**Task requirements**
Output the whole listing exactly, except for the pictures in it.
Supplied records Block Start
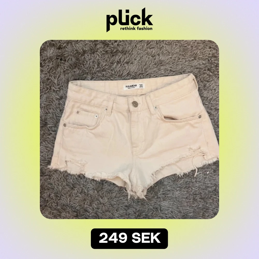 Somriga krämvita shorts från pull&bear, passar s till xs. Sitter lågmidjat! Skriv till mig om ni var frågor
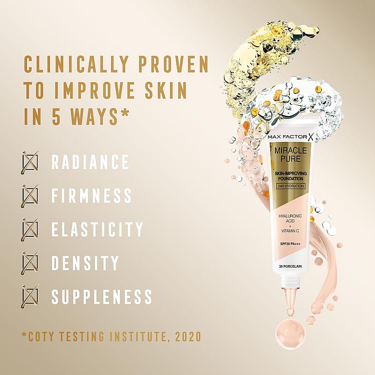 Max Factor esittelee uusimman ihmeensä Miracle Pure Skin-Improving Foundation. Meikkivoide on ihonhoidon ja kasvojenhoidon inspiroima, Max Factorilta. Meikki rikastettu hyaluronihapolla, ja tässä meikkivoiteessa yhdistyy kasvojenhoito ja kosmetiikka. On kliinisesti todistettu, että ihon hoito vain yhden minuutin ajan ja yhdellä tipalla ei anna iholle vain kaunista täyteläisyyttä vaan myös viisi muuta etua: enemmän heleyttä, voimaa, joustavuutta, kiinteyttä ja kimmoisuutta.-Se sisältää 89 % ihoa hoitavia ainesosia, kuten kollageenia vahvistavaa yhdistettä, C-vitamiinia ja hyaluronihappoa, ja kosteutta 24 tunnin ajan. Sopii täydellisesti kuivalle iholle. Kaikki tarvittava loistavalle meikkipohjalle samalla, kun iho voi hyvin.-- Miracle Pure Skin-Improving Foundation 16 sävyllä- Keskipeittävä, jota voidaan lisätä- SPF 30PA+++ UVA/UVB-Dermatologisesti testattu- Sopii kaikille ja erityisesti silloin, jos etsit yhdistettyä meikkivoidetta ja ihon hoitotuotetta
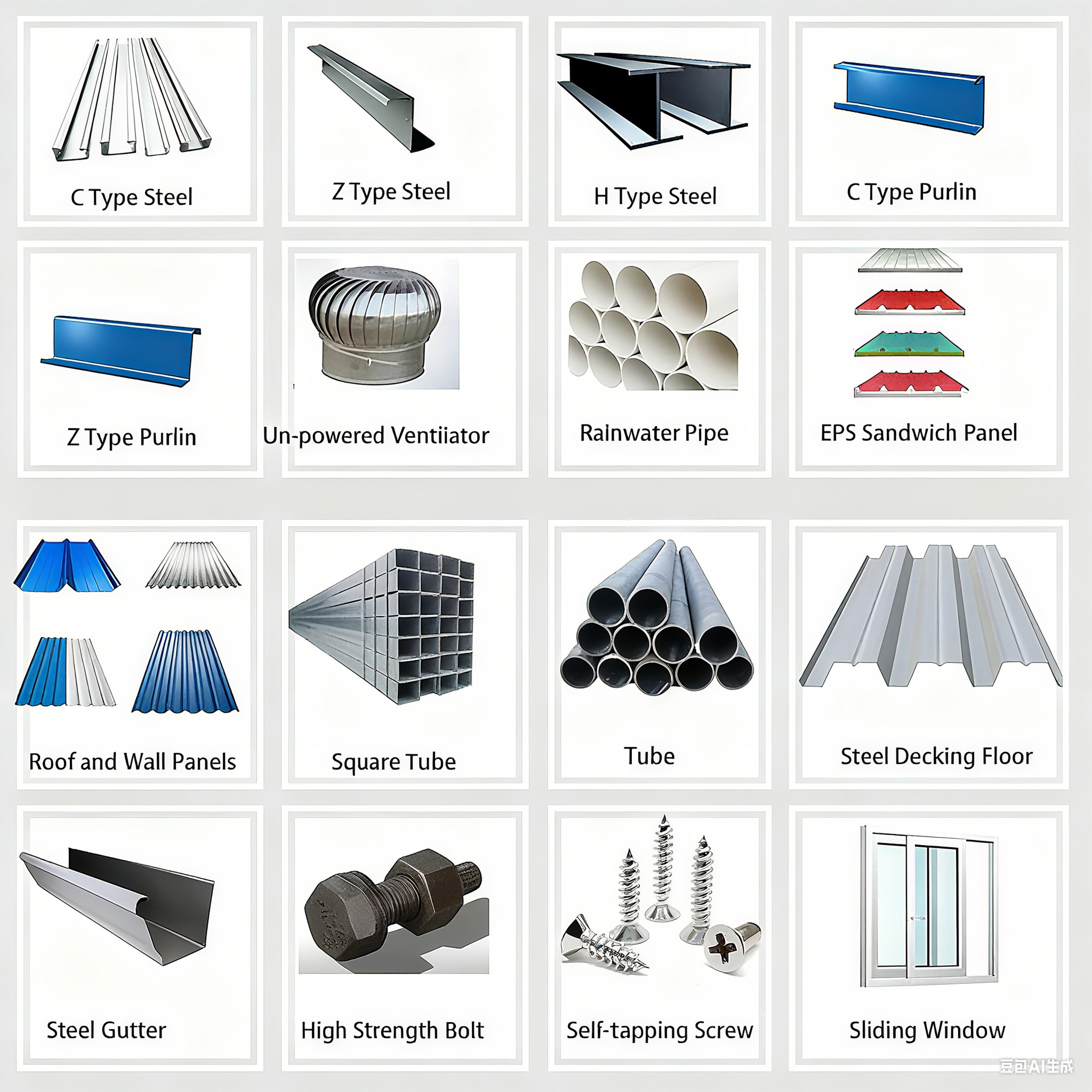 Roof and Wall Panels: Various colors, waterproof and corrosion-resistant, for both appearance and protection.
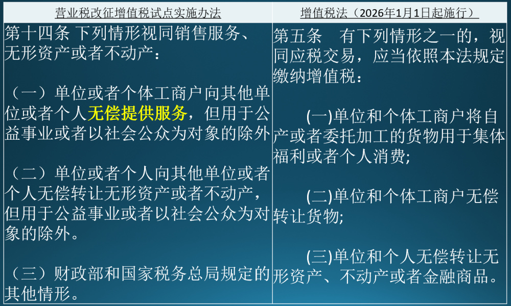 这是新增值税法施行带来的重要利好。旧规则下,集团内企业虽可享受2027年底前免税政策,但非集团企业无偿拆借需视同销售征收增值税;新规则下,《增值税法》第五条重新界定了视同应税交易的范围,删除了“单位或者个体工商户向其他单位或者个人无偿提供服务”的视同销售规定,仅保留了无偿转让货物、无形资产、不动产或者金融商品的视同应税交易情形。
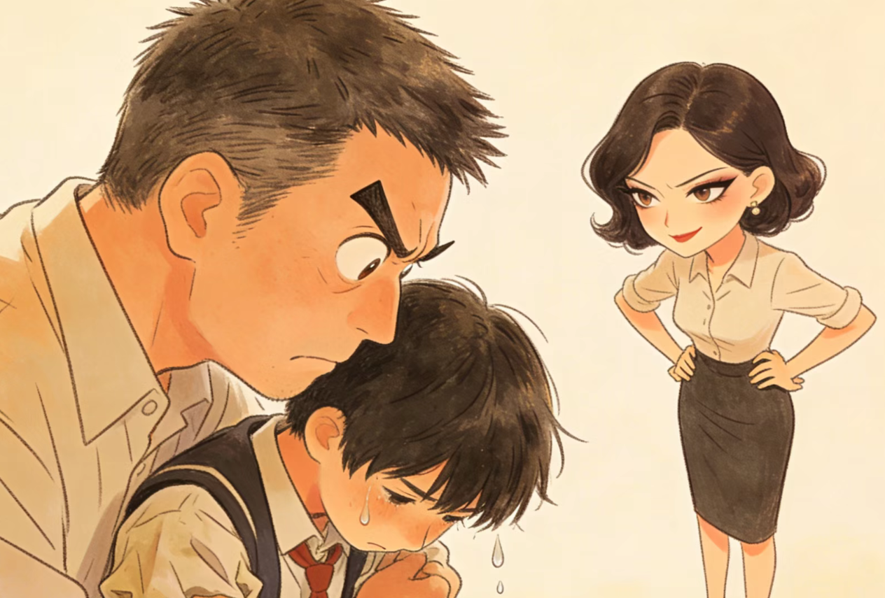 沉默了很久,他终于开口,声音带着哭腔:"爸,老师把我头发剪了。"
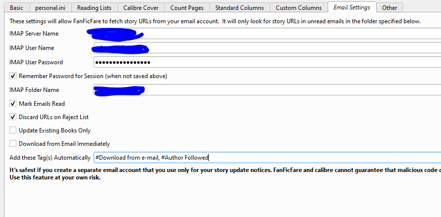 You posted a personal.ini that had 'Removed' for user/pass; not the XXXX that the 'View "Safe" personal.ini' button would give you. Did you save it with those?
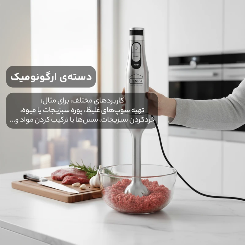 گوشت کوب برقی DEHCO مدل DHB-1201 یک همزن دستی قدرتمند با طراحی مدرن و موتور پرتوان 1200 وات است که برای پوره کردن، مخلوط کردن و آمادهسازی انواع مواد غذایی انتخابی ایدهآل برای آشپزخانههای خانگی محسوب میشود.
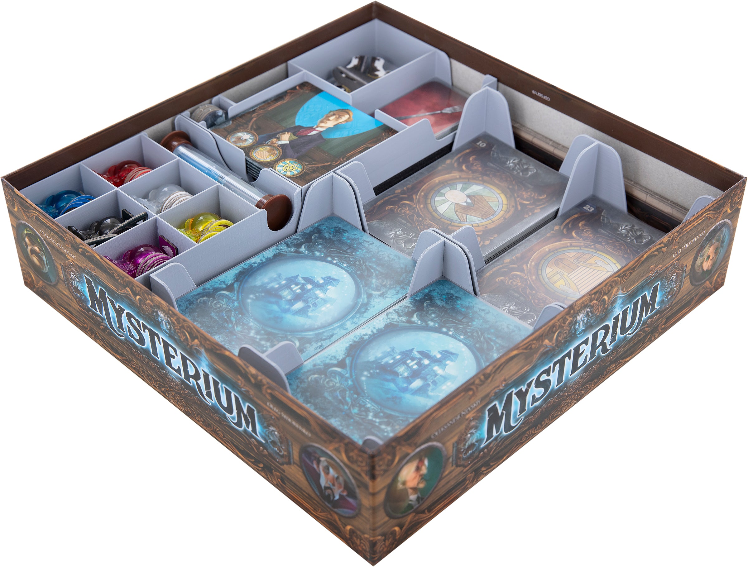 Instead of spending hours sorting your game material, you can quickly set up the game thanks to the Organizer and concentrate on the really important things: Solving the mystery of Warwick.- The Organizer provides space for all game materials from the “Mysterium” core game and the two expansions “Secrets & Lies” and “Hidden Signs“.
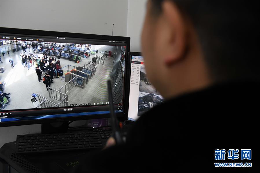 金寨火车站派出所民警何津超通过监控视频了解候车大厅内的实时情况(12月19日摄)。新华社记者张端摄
Supplied records Block End
**Solution to the problem**
 Somriga krämvita shorts från pull&bear, passar s till xs. Sitter lågmidjat! Skriv till mig om ni var frågor
 Max Factor esittelee uusimman ihmeensä Miracle Pure Skin-Improving Foundation. Meikkivoide on ihonhoidon ja kasvojenhoidon inspiroima, Max Factorilta. Meikki rikastettu hyaluronihapolla, ja tässä meikkivoiteessa yhdistyy kasvojenhoito ja kosmetiikka. On kliinisesti todistettu, että ihon hoito vain yhden minuutin ajan ja yhdellä tipalla ei anna iholle vain kaunista täyteläisyyttä vaan myös viisi muuta etua: enemmän heleyttä, voimaa, joustavuutta, kiinteyttä ja kimmoisuutta.-Se sisältää 89 % ihoa hoitavia ainesosia, kuten kollageenia vahvistavaa yhdistettä, C-vitamiinia ja hyaluronihappoa, ja kosteutta 24 tunnin ajan. Sopii täydellisesti kuivalle iholle. Kaikki tarvittava loistavalle meikkipohjalle samalla, kun iho voi hyvin.-- Miracle Pure Skin-Improving Foundation 16 sävyllä- Keskipeittävä, jota voidaan lisätä- SPF 30PA+++ UVA/UVB-Dermatologisesti testattu- Sopii kaikille ja erityisesti silloin, jos etsit yhdistettyä meikkivoidetta ja ihon hoitotuotetta
 Roof and Wall Panels: Various colors, waterproof and corrosion-resistant, for both appearance and protection.
 这是新增值税法施行带来的重要利好。旧规则下,集团内企业虽可享受2027年底前免税政策,但非集团企业无偿拆借需视同销售征收增值税;新规则下,《增值税法》第五条重新界定了视同应税交易的范围,删除了“单位或者个体工商户向其他单位或者个人无偿提供服务”的视同销售规定,仅保留了无偿转让货物、无形资产、不动产或者金融商品的视同应税交易情形。
 沉默了很久,他终于开口,声音带着哭腔:"爸,老师把我头发剪了。"
 You posted a personal.ini that had 'Removed' for user/pass; not the XXXX that the 'View "Safe" personal.ini' button would give you. Did you save it with those?
 گوشت کوب برقی DEHCO مدل DHB-1201 یک همزن دستی قدرتمند با طراحی مدرن و موتور پرتوان 1200 وات است که برای پوره کردن، مخلوط کردن و آمادهسازی انواع مواد غذایی انتخابی ایدهآل برای آشپزخانههای خانگی محسوب میشود.
 Instead of spending hours sorting your game material, you can quickly set up the game thanks to the Organizer and concentrate on the really important things: Solving the mystery of Warwick.- The Organizer provides space for all game materials from the “Mysterium” core game and the two expansions “Secrets & Lies” and “Hidden Signs“.
 金寨火车站派出所民警何津超通过监控视频了解候车大厅内的实时情况(12月19日摄)。新华社记者张端摄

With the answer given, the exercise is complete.